» Stored entries:
━━━
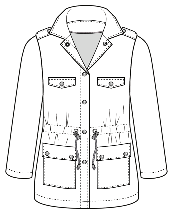Shaping is given by an adjustable drawstring waist and the the hem is hip-length.
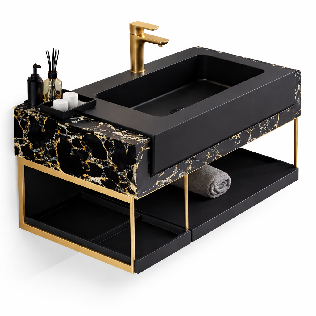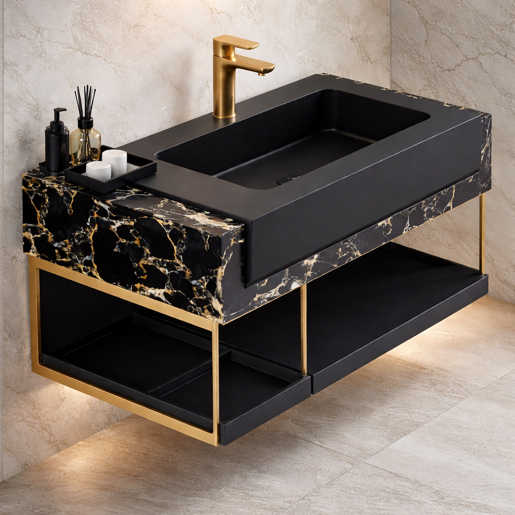 Blatul negru cu accente aurii transformă acest set într-un element central al băii. Robinetul auriu completează perfect estetica produsului, oferind un contrast elegant cu lavoarul negru.
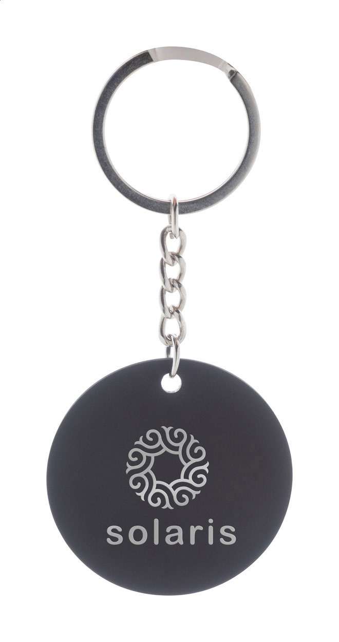 Breloc de formă rotundă, din oțel inoxidabil reciclat, cu finisaj cauciucat. Cu acoperire specială pentru gravarea laser în oglindă.
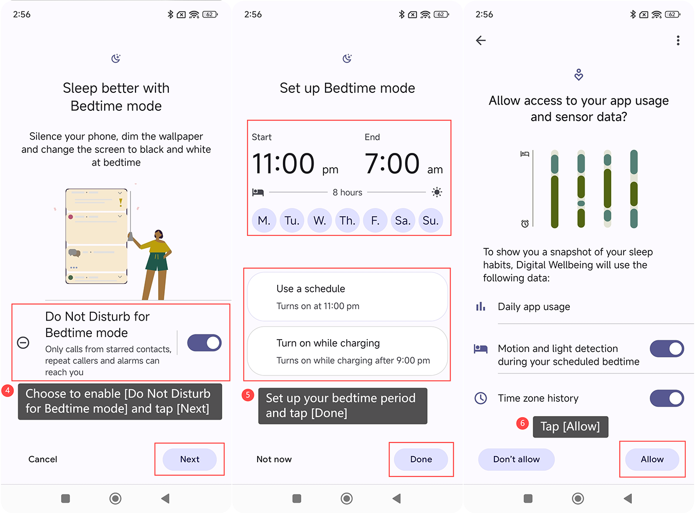 6. Nhấn vào [Cho phép] để xác nhận quyền truy cập vào dữ liệu cảm biến và sử dụng APP của bạn để tính năng Digital Wellbeing có thể hiển thị cho bạn ảnh chụp nhanh về thói quen ngủ của bạn;
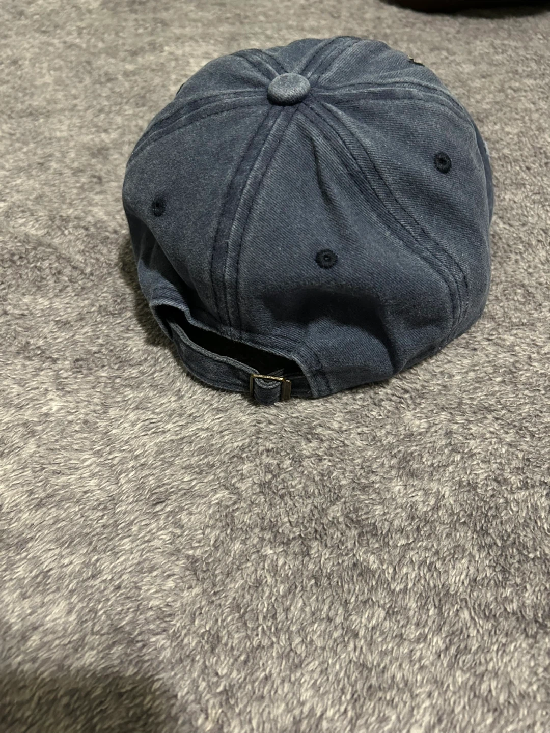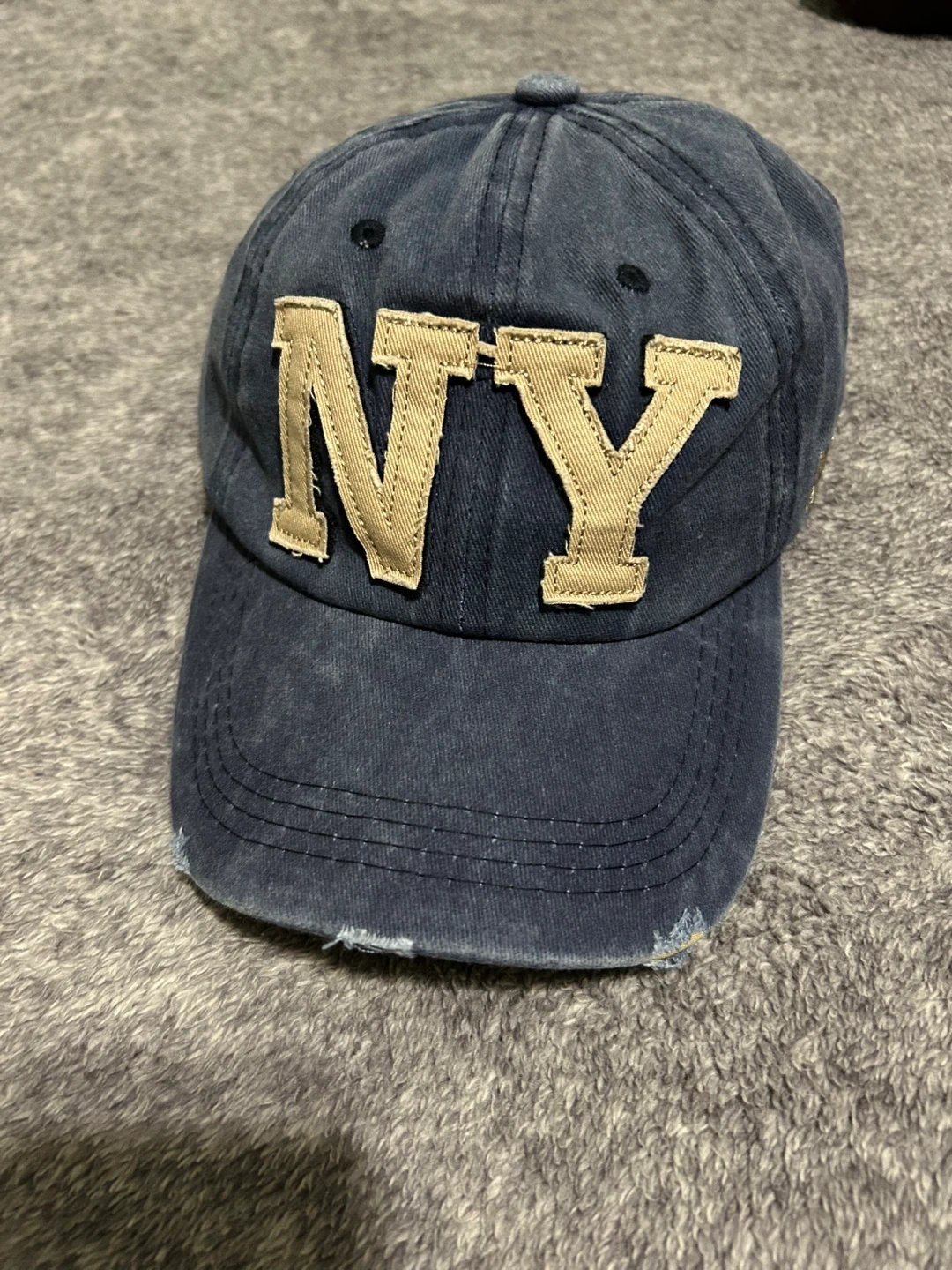 This distressed blue baseball cap features prominent "NY" embroidery on the front and "Air Force New York" on the side. It has an adjustable metal buckle strap for a comfortable fit. A classic casual accessory!
━━━
» Task instructions: Only the text of the records above is to be reproduced, exactly as given; the pictures are dropped.

» Response for this exercise:
Shaping is given by an adjustable drawstring waist and the the hem is hip-length.
 Blatul negru cu accente aurii transformă acest set într-un element central al băii. Robinetul auriu completează perfect estetica produsului, oferind un contrast elegant cu lavoarul negru.
 Breloc de formă rotundă, din oțel inoxidabil reciclat, cu finisaj cauciucat. Cu acoperire specială pentru gravarea laser în oglindă.
 6. Nhấn vào [Cho phép] để xác nhận quyền truy cập vào dữ liệu cảm biến và sử dụng APP của bạn để tính năng Digital Wellbeing có thể hiển thị cho bạn ảnh chụp nhanh về thói quen ngủ của bạn;
 This distressed blue baseball cap features prominent "NY" embroidery on the front and "Air Force New York" on the side. It has an adjustable metal buckle strap for a comfortable fit. A classic casual accessory!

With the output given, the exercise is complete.